Чающие движения воды - Николай Лесков
Шрифт:
Интервал:
Закладка:
С голоса почтмейстерши, в самом скором времени, то же самое заговорили о Пизонском и другие.
— Нет, нет, нет, — говорили эти другие. — Боже спаси нас остаться без Константина Ионыча! Теперь даже, как вспомнишь это время, как его у нас не было, когда за всяким пустяком, бывало, посылай в губернию, так и не понимаешь даже, как это мы и жили.
Пизонский, может быть, уже должен бы был заботиться о том, чтобы не возбуждать против себя зависти и злословия, потому что мужья восхвалявших его жен нередко отвечали на эти панегирики: ну да, без вашего Константина Ионыча уж мы бы и хлеба не ели!
Но Пизонский вел себя тихо, ровно и, не возносясь своими успехами, не возбуждал и ничьей зависти.
Доброе имя его все росло, и общее расположение к нему все увеличивалось. Расположение это выражалось не одними словами, но и делами. В городе вдруг оказалось несколько лиц, которых стала серьезно занимать мысль о том, как бы прочно устроить здесь многополезного Константина Ионыча.
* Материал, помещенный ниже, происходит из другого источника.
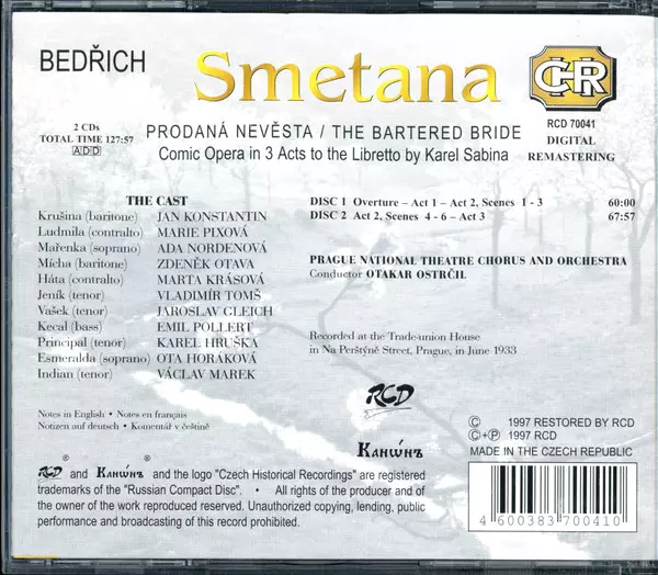 | Künstler | Bedřich Smetana | Sbor Národního Divadla | Orchestr Národního Divadla | Otakar Ostrčil | Emil Pollert | Ada Nordenová | Jaroslav Gleich | Vladimír Toms |

Первая выразила такую заботливость почтмейстерша.
Эта полная, животрепещущая дама, которой, как греческого огня, боялись все почтальоны и которой больше всех боялся ее муж, зашла в своей расположенности к многополезному Пизонскому до того, что вменила мужу в непременную обязанность дать Пизонскому место при почтовой конторе.
— Матушка! — начинал, складывая на груди руки умоляющий почтмейстер, желая этим покорным жестом изъяснить супруге, как трудно создать для Пизонского место при почтовой конторе.
— Что-с? — грозно окликала мужа животрепещущая почтмейстерша. — Я этого требую; слышите, требую!
— Ангел мой! — еще ниже одною нотою запевал почтмейстер. — Но если этого нельзя?
Почтмейстерша посмотрела на мужа холодным презрительным взглядом.
— Ну, я молчу уж, молчу, — отвечал, отходя в угол, почтмейстер.
— Нет, а вы бы поговорили.
— Нет, я, мамочка, молчу.
— Напрасно; право, напрасно, а то вы бы поговорили!
Но уж почтмейстер знал, что он замолчал не напрасно.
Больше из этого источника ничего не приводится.